DESCRIPTION OF THE TASK: Print only the lines below from the one with "GE WE01X24552 Dryer" to the one with "Découvrez la magie", both included, exactly as they stand. Leave pictures out.

SOURCE RECORDS:
**********

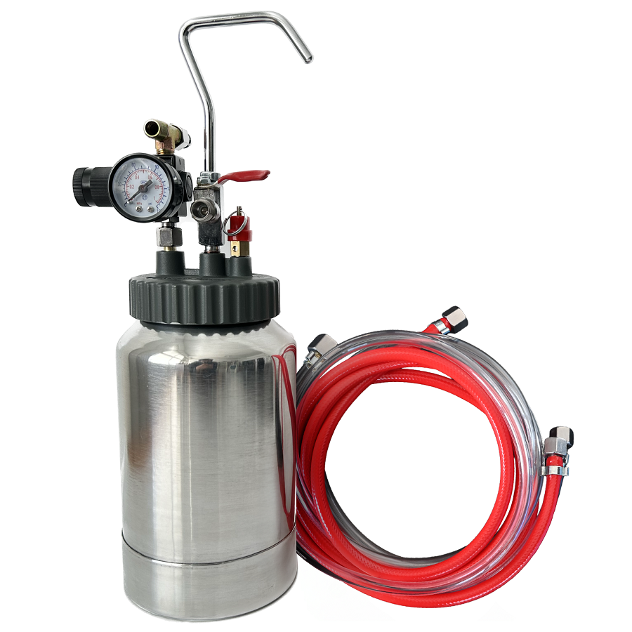 Serbatoio sotto pressione da 2L compreso di tubi aria e fluido da 2m. Questo serbatoio è dotato di un regolatore di pressione del fluido per impostazioni precise.
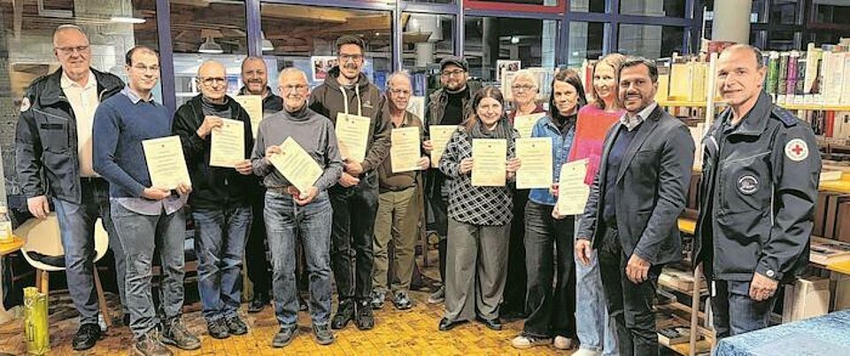 Geislingen - Der Geislinger Oberbürgermeister Ignazio Ceffalia hat vor Kurzem zusammen mit Bernd Hamann, dem Vorsitzenden des DRK-Ortsvereins Geislingen, und dessen Stellvertreter Jens Currle Blutspenderinnen und Blutspender im Lesecafé der Stadtbücherei geehrt. Mit ihren vielfachen Spenden leisten die Geehrten einen unverzichtbaren Beitrag zur medizinischen Versorgung und helfen dabei, Leben zu retten, heißt es in einer Pressemitteilung der Stadtverwaltung. Ceffalia, Hamann und Currle überreichten den Spendern Urkunden sowie Ehrennadeln. „Blutspenden sind ein unverzichtbarer Dienst am Nächsten“, sagte Oberbürgermeister Ceffalia. „Sie zeigen in besonderer Weise gelebte Solidarität und Verantwortungsbewusstsein.“ Zugleich sprach er allen Spenderinnen und Spendern sowie den ehrenamtlichen Helferinnen und Helfern des DRK seinen herzlichen Dank für ihren Einsatz aus. Der nächste Blutspendetermin in Geislingen findet am Dienstag, 17. März, von 14.30 bis 19.30 Uhr in der Jahnhalle statt. Weitere Informationen und Terminreservierung im Internet unter: www.blutspende.de/termine
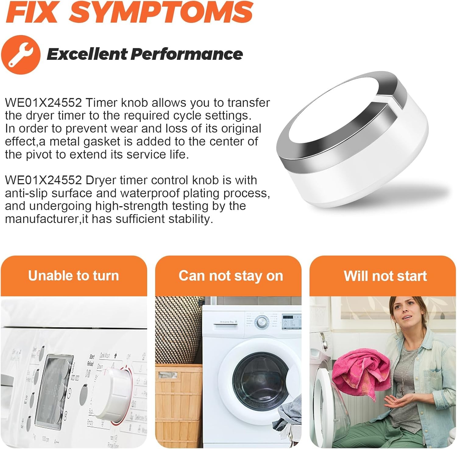 GE WE01X24552 Dryer Timer Knob - White/Chrome Large Knob - NEW
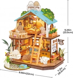 Découvrez la magie de la création avec une maisonnette comprenant une chambre spacieuse, un séjour chaleureux avec balançoire et coin repas, ainsi qu’un balcon au premier étage. Chaque détail est finement découpé et inclut un linge de lit moelleux, une table de nuit avec lampe, un ordinateur portable, une bibliothèque, un distributeur de cappuccino et des fleurs. Grâce à l’éclairage LED au rez-de-chaussée et au premier étage, votre compagnon se sentira à l’aise.
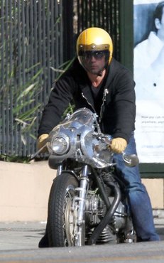 Brad Pitt imádja a motorokat, garázsa tömve van régi és új gépekkel. Az ízlésére nem lehet panasz, leginkább az épített motorokat kedveli. Tavaly kedvenc merevvázas bobbere mellé beszerzett egy Ducati 750-et is: a csodás café racert a japán zseni, Kimura Sinya építette. A gép külseje leginkább egy lovagi páncél és egy ipari kávéfőző szerelemgyermekére emlékeztet – aki kedveli a mester különös stílusát, az csak irigyelni tudja Pittet. A lesifotó készítésekor a desmós kéthengeres műszaki hiba miatt leállt. A gond nem lehetett komoly, a szakértő kéz hamar működésbe hozta a '74-es SS-t.

**********

TASK SOLUTION:
 GE WE01X24552 Dryer Timer Knob - White/Chrome Large Knob - NEW
 Découvrez la magie de la création avec une maisonnette comprenant une chambre spacieuse, un séjour chaleureux avec balançoire et coin repas, ainsi qu’un balcon au premier étage. Chaque détail est finement découpé et inclut un linge de lit moelleux, une table de nuit avec lampe, un ordinateur portable, une bibliothèque, un distributeur de cappuccino et des fleurs. Grâce à l’éclairage LED au rez-de-chaussée et au premier étage, votre compagnon se sentira à l’aise.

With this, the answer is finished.